Megan shook her head. “Not initially. Her parents were the first to realize she was gone. They said she was supposed to come for the weekend and didn’t. They called the station manager, who went to Tiffany’s home. Her car was there. He had a key and went inside. All her things were in place, including her house key and phone. Her purse. He called the police. The parents filed a missing person report shortly before Giselle was murdered.”

“Just like my old man’s MO,” Cooper said with a bitter catch.

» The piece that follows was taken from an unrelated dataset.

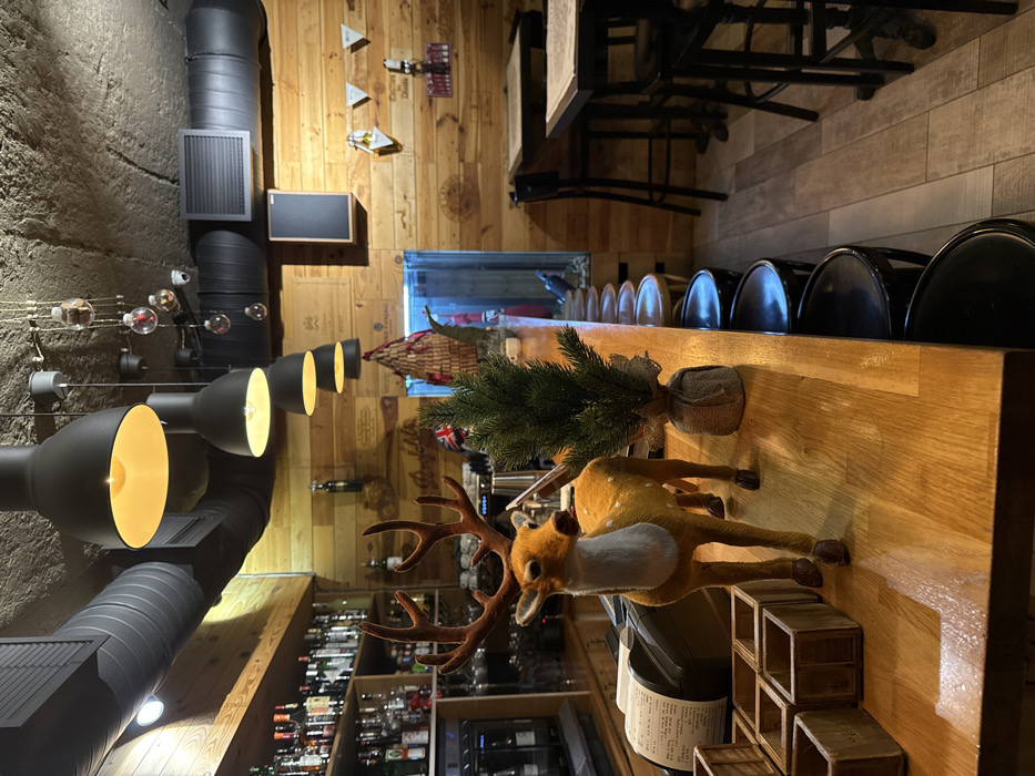 The image depicts the interior of a commercial establishment, identified as a bar or restaurant located in Yerevan, Armenia. No individuals are present in the scene. The foreground features a light-colored wooden bar counter. On the counter, a standing decorative reindeer figurine, approximately 0.5 meters tall, with a brown spotted body, white chest, and prominent antlers, is positioned centrally. To its immediate right, a small artificial evergreen tree in a burlap-wrapped base with a silver bow stands upright. To the reindeer's left, a dark-colored receipt printer or cash register is visible, alongside several empty, small wooden crate-like containers. Behind the bar counter, a row of dark circular bar stools is aligned. The wall behind the bar is clad with light-toned wooden planks, many appearing to be repurposed wine crate panels featuring various labels, including "Penfolds." A multi-tiered shelf stocked with numerous bottles of alcoholic beverages and glassware is situated along the left wall behind the bar. An espresso machine is discernible behind the reindeer figurine. The ceiling is dark, uneven, and textured. Several black industrial-style pendant lamps with warm yellow light illuminate the space. Exposed dark gray ventilation ducts traverse the ceiling. Decorative elements suspended from the ceiling include clear glass baubles containing small objects. On the wooden plank wall to the right, a rectangular black-framed speaker is mounted. Further decorative items on this wall include triangular wooden accents and a conical structure seemingly crafted from wine corks. Towards the rear of the bar area, an apparent aquarium or display case containing a bird figurine (resembling an eagle) is visible. A reflective surface nearby shows a blurred partial reflection of an individual wearing red clothing. The flooring consists of patterned light-toned tiles with varied shades, mimicking wood grain. To the right of the bar, beyond the row of stools, multiple dark square tables with accompanying dark chairs are arranged, indicating additional seating. The overall ambiance suggests a rustic-industrial design with festive holiday-themed decor.

“Exactly.” Jack had read Ellison’s files. The women condemned as unworthy were rejected for reasons known only to Ellison. Whatever those reasons were, it seemed to unleash his fury on them. Their murders were brutal. The women he embalmed had died far more peacefully. There was not a scratch on them. A lethal cocktail of lorazepam and morphine ended their lives. It appeared from the medical examiner’s estimated time of death Ellison kept his victims alive for several days.

“If he has Tiffany, she might still be alive,” Cooper said.

“It’s possible. We need to get there and start working the case. I’m going to have to explain your connection to the original perpetrator.” Jack tried to gauge Cooper’s reaction.

“I know,” Cooper said at last, a sad smile on his face. “All my life I’ve lived in the shadow of my father’s crimes. I did my best to move out of that shadow and fought to make sure something good came from the darkness my father created.”

Jack understood how destructive that kind of evil could be. He’d gone through it in his own life with the Angel case. It drove him to the bottle and almost cost him everything. He couldn’t imagine the guilt Cooper carried with him.

Cooper had tried for more than twenty years to forget the actions he’d been forced to take to stop a monster. Now, like it or not, he would have to face those demons head-on, and it would take everything inside him not to crumble under its weight.